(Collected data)
####

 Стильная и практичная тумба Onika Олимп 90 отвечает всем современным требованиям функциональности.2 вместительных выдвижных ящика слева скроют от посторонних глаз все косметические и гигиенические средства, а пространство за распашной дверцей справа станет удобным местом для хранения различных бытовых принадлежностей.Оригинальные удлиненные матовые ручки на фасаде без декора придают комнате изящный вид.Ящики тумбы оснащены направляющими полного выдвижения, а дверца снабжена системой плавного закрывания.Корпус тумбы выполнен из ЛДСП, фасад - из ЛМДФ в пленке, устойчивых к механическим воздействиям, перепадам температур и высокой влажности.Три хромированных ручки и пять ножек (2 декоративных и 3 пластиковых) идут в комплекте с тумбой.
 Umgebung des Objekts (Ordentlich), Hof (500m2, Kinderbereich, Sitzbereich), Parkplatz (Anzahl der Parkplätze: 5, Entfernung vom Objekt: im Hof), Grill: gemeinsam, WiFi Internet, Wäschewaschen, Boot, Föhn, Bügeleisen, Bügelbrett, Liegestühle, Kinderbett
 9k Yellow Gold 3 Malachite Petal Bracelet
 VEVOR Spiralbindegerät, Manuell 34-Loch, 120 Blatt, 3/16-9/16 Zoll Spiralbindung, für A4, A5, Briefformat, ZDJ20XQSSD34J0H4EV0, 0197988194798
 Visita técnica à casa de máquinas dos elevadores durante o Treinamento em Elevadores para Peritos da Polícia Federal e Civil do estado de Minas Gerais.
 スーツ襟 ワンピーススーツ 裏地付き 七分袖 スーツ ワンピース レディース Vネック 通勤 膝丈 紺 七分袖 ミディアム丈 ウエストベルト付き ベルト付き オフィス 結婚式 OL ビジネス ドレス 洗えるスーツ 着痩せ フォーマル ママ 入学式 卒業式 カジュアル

####

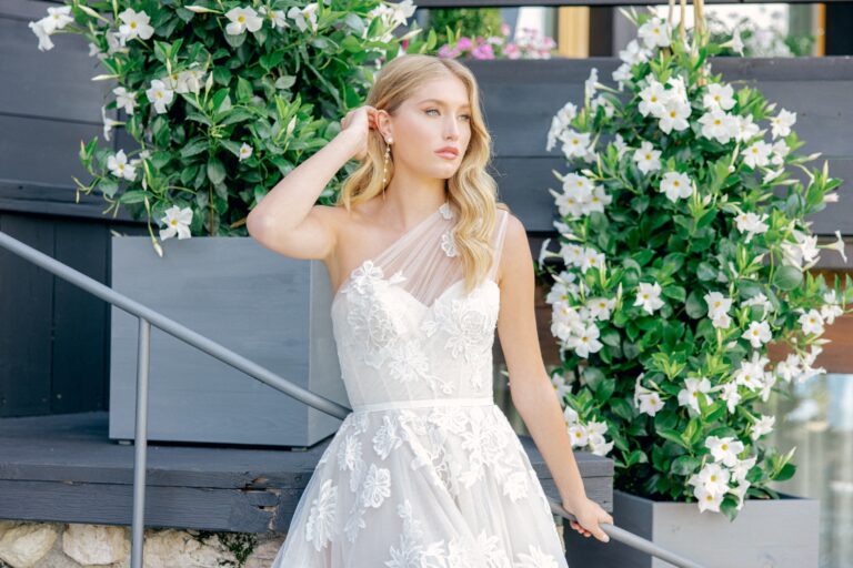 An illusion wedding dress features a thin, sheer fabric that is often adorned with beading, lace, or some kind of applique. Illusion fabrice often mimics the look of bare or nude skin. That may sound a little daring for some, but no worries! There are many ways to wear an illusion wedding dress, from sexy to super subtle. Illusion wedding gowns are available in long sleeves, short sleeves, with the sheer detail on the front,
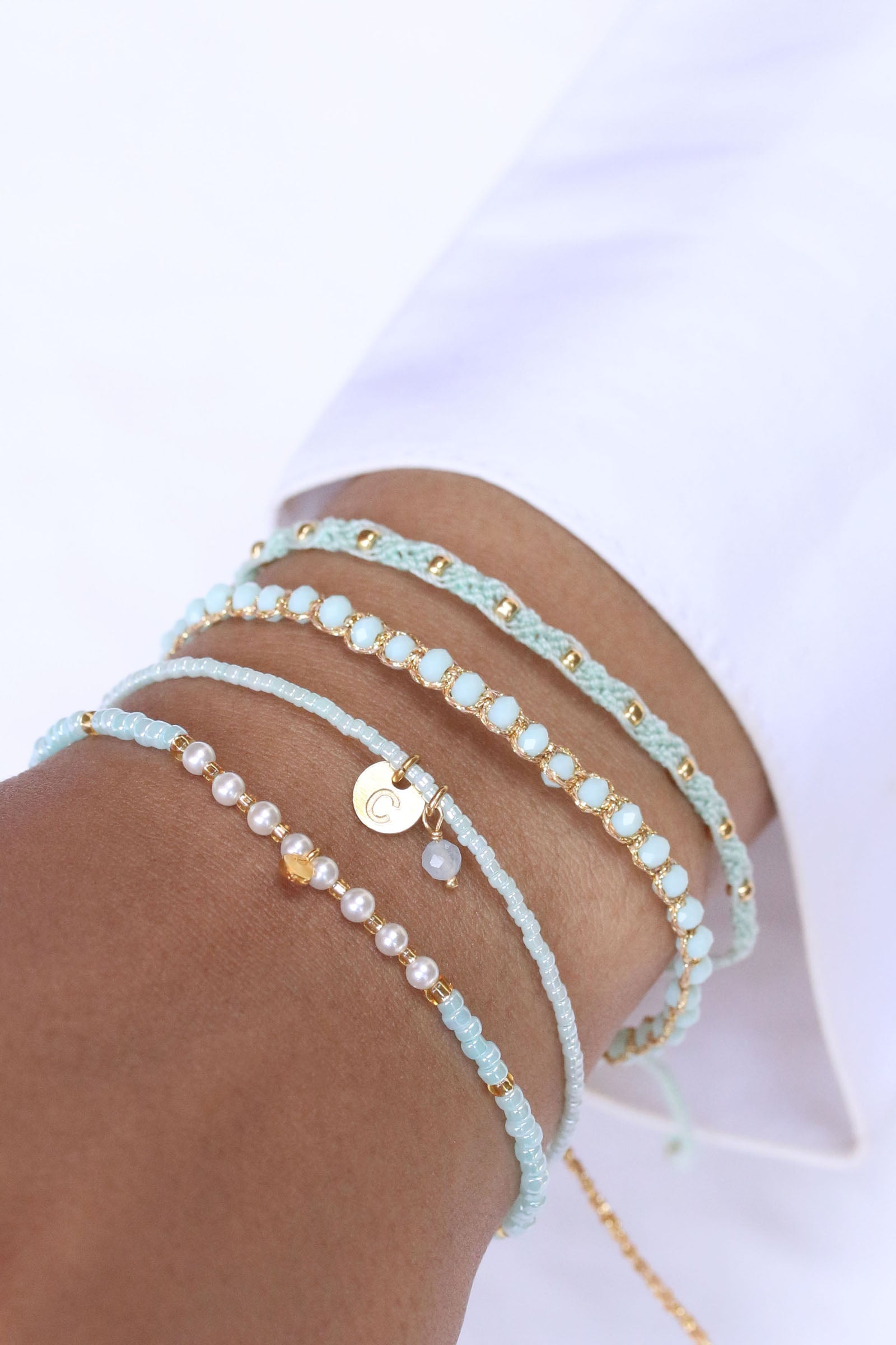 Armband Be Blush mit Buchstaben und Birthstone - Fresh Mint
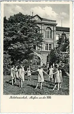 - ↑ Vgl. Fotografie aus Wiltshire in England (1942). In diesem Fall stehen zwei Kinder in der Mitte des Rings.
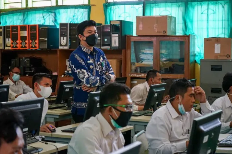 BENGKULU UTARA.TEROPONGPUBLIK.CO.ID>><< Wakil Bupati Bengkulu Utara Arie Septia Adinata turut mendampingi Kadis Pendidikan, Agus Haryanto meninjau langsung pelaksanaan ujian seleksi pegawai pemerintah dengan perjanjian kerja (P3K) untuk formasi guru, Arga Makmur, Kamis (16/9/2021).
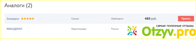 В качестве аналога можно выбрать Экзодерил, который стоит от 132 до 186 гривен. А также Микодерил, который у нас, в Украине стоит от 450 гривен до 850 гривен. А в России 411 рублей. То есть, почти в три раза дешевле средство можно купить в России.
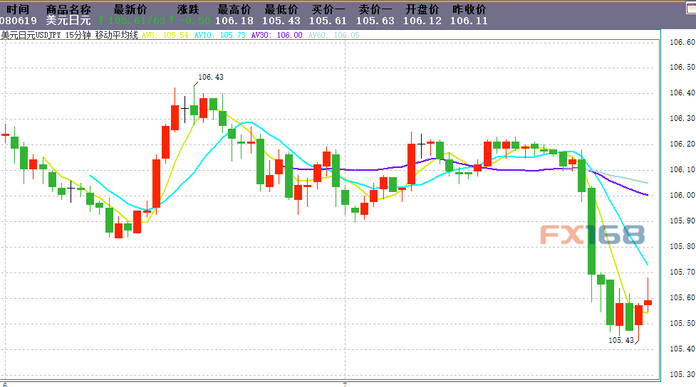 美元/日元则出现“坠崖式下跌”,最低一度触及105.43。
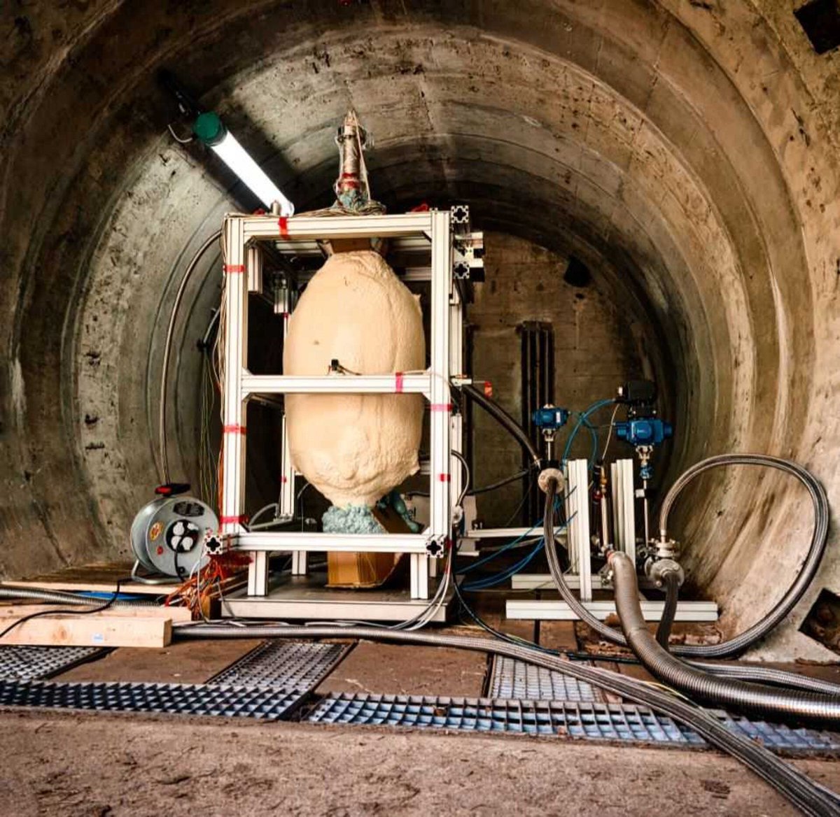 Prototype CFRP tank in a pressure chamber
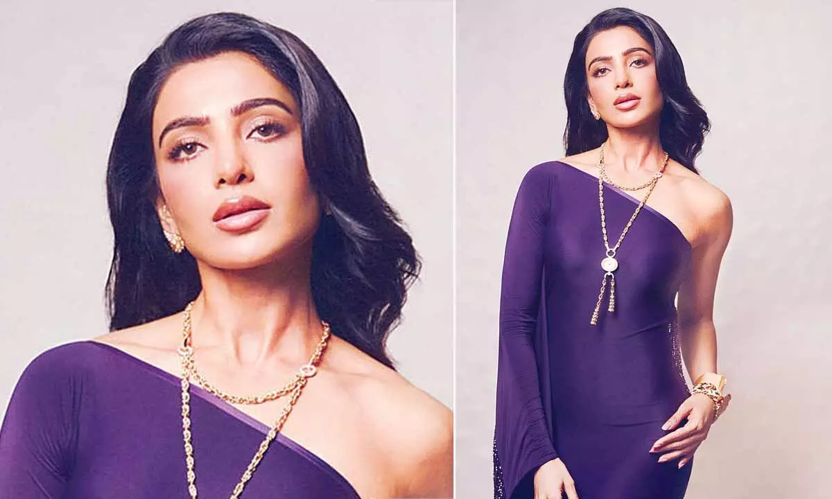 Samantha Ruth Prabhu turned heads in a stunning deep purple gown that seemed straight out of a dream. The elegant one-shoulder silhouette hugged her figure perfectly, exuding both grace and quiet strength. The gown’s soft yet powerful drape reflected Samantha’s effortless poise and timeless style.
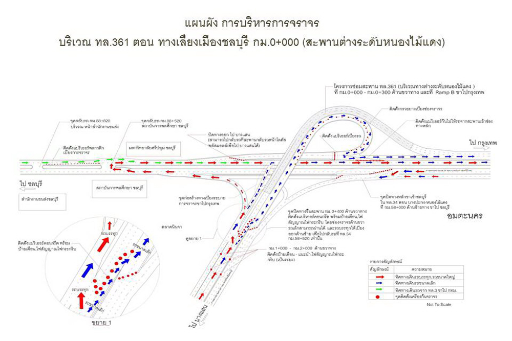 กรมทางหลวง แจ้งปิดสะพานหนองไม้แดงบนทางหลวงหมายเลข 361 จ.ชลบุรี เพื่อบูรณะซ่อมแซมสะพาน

####

Nothing outside the stretch above, from the line with "Armband Be Blush" through the line with "BENGKULU UTARA.TEROPONGPUBLIK.CO.ID>><< Wakil", is set down. Transcribe that stretch exactly, ends included, but not its pictures.

 Armband Be Blush mit Buchstaben und Birthstone - Fresh Mint
 - ↑ Vgl. Fotografie aus Wiltshire in England (1942). In diesem Fall stehen zwei Kinder in der Mitte des Rings.
 BENGKULU UTARA.TEROPONGPUBLIK.CO.ID>><< Wakil Bupati Bengkulu Utara Arie Septia Adinata turut mendampingi Kadis Pendidikan, Agus Haryanto meninjau langsung pelaksanaan ujian seleksi pegawai pemerintah dengan perjanjian kerja (P3K) untuk formasi guru, Arga Makmur, Kamis (16/9/2021).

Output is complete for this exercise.